Wales, Pembrokeshire, plein air, oil painting

Another day another cliff top. After a rough block in I kept my eye on the changing sun light sparkling on the sea, the whole key of the picture had to be organised so that the highlight would eventually be punchy enough.  This meant keeping the landscape tones within quite tight bounds. To much highlighting would have ruined the balance. Another very windy one it was only possible by backing up close to a wall. 14in by 10in Oils.

Llangrannog, Cardigan, plein air, oil painting

Yep it’s another windy beach! This is Llangrannog near Cardigan. Sight size again as it was convenient, it did help here in getting the drawing in quickly, the method makes drawing errors very easy to spot. Many pauses as the rain came down, though I loved the muted tones the foul weather created. I still far prefer painting on a stormy day than a bright sunny one. 14in by 10in Oils.

Newport, Wales, Dinas Head, plein air, oil painting

This is Dinas Head from Newport. Only a very quick sketch. The light was changing rapidly as the cloud shadows brightly lit or threw different areas into shade so I might do a studio one or over paint this one using the various photos I took as it changed as reference. 16in by 10in Oils.

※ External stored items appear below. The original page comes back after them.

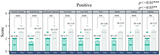 For the positive design, the shrubs, tree pools, and trees in the healing landscape after the design received higher scores. As shown in Figure 8, the shrubs after the design gave people higher positives (M = 3.57; SD = 0.39; p < 0.01) than the ones before the design (M = 1.70; SD = 0.36; p < 0.01). The tree pools after the design give people more positives (M = 3.43; SD = 0.53; p < 0.01) than the ones before the design (M = 1.76; SD = 0.32; p < 0.01). The arbor after the design gives people a higher positive (M = 3.40; SD = 0.38; p < 0.05) than the one before the design (M = 1.60; SD = 0.25; p < 0.05).
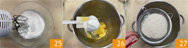 Schlagen Sie das Eiweiß mit den elektrischen Rührgeräten steif 25, und fügen Sie es dann nach und nach der Buttermischung hinzu 26, wobei Sie es abwechselnd mit dem gesiebten Mehl 27 unterheben. Rühren Sie, bis der Teig homogen ist.
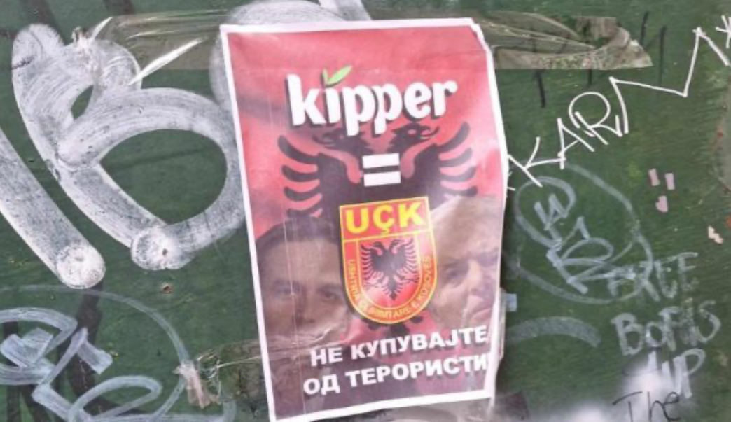 Në disa lokacione në Kisella Vodë të Shkupit sot janë shfaqur postera propagandistike kundër një biznesi të famshëm “Kiper”. Mesazhi i shkruar në postera është “Mos blej nga terroristët”, ku shihet logoja e tregut dhe emblema e ish-UÇK-së. Në fletëpalosje është publikuar edhe fytyra e liderit të BDI-së, Ali Ahmeti dhe një personi tjetër.
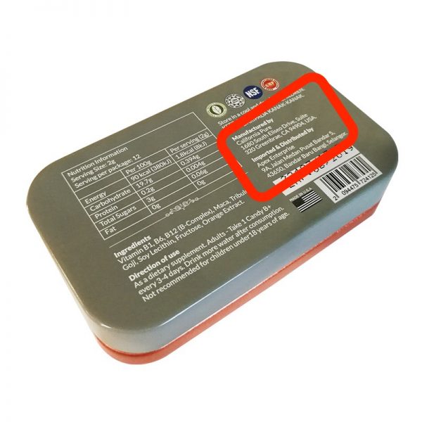 CANDY Bの製造メーカー「California Pure社」また、販売元「Apex Enterprise社」と
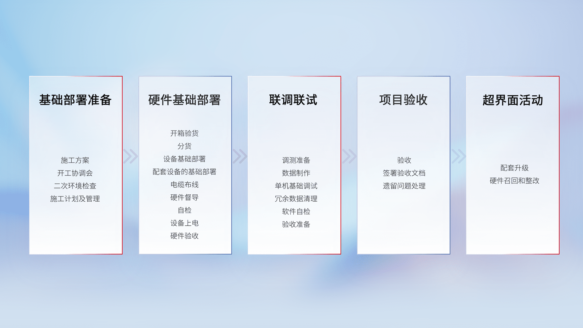 从基础部署准备、、硬件基础部署、、、、联调联试、、、项目验收、、越界面活动的全过程可追溯,,保证施工质量和进度。。。
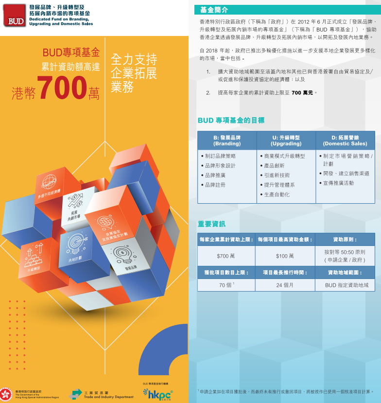 业务稳步发展后,亦可申请BUD补贴,最高可领700万港币。
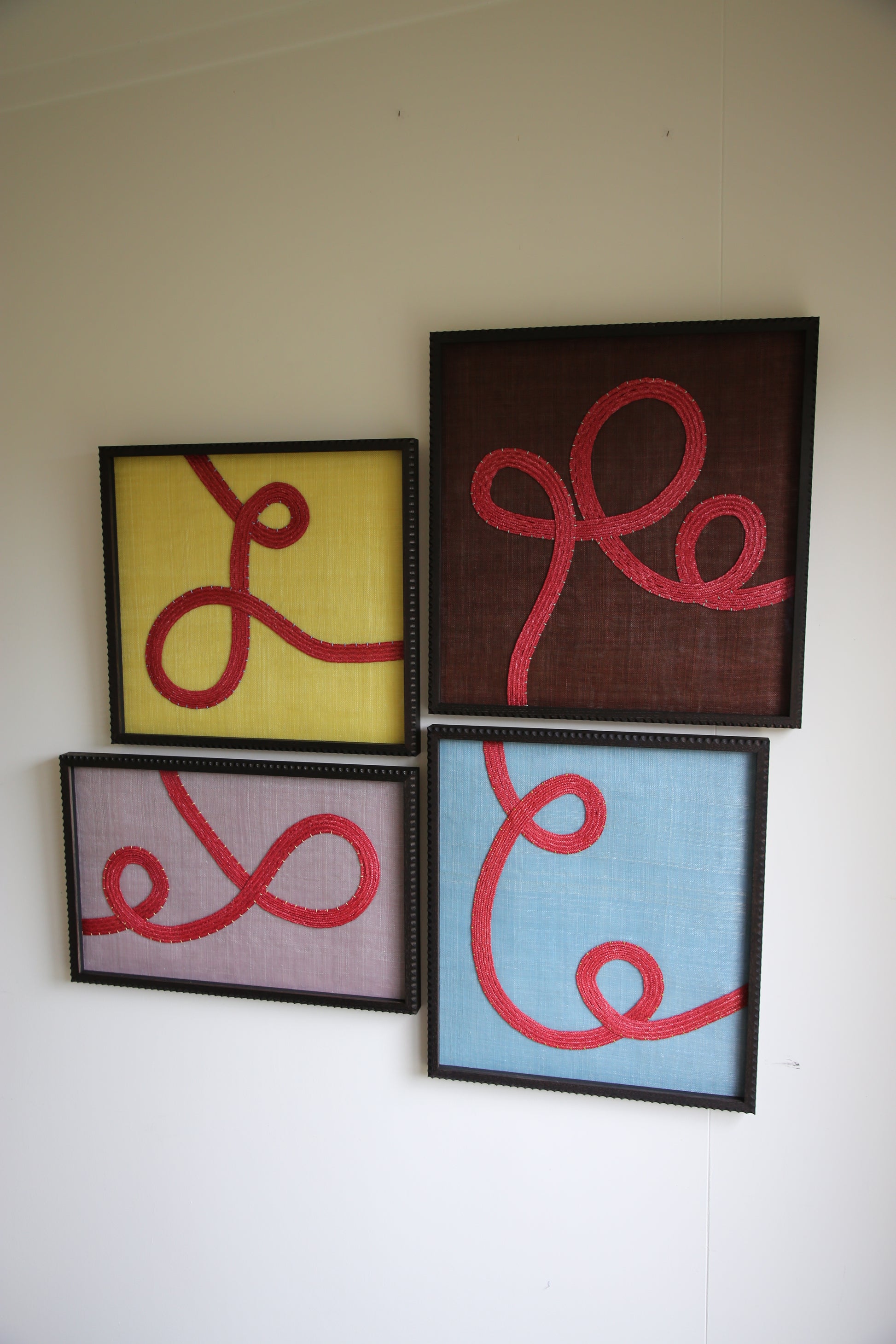 Materials: Wheat straw braid, cotton embroidery thread, a woven natural fibre derived from the banana plant family.
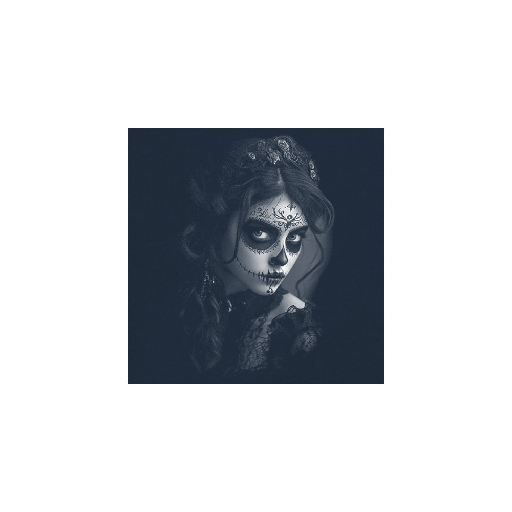 Showcasing a gothic woman with a sugar skull face, this black-and-white design blends DÃa de los Muertos tradition with dark elegance. Intricate face makeup, detailed lace, and a bold monochrome aesthetic create a dramatic visual tribute. A perfect piece for lovers of skull motifs, alt style, and haunting beauty.

Newport, parrog, Wales, plein air, oil painting

More Newport and more very muted light. I might chop this one down and frame it tighter. I loved the tone of the yellowy house, very hard to get right and I wiped and redid it at least 5 times. 16in by 10in Oils.

Porthgain, Wales, Pembrokeshire, oil painting

I took my time with this one, it is Porthgain which  would like to do more of as it has very interesting part ruined industrial buildings. I was nice to paint a calmer brighter moment with the storms over. 16in by 8in Oils.

For the visit to Wales I used a quite restricted palette heavy on the earth tones as follows: Cobalt Blue, Unbleached Titanium, Titanium White, Naples Yellow, Raw Umber, Burnt Sienna and a tiny bit of Cadmium Orange on the last one.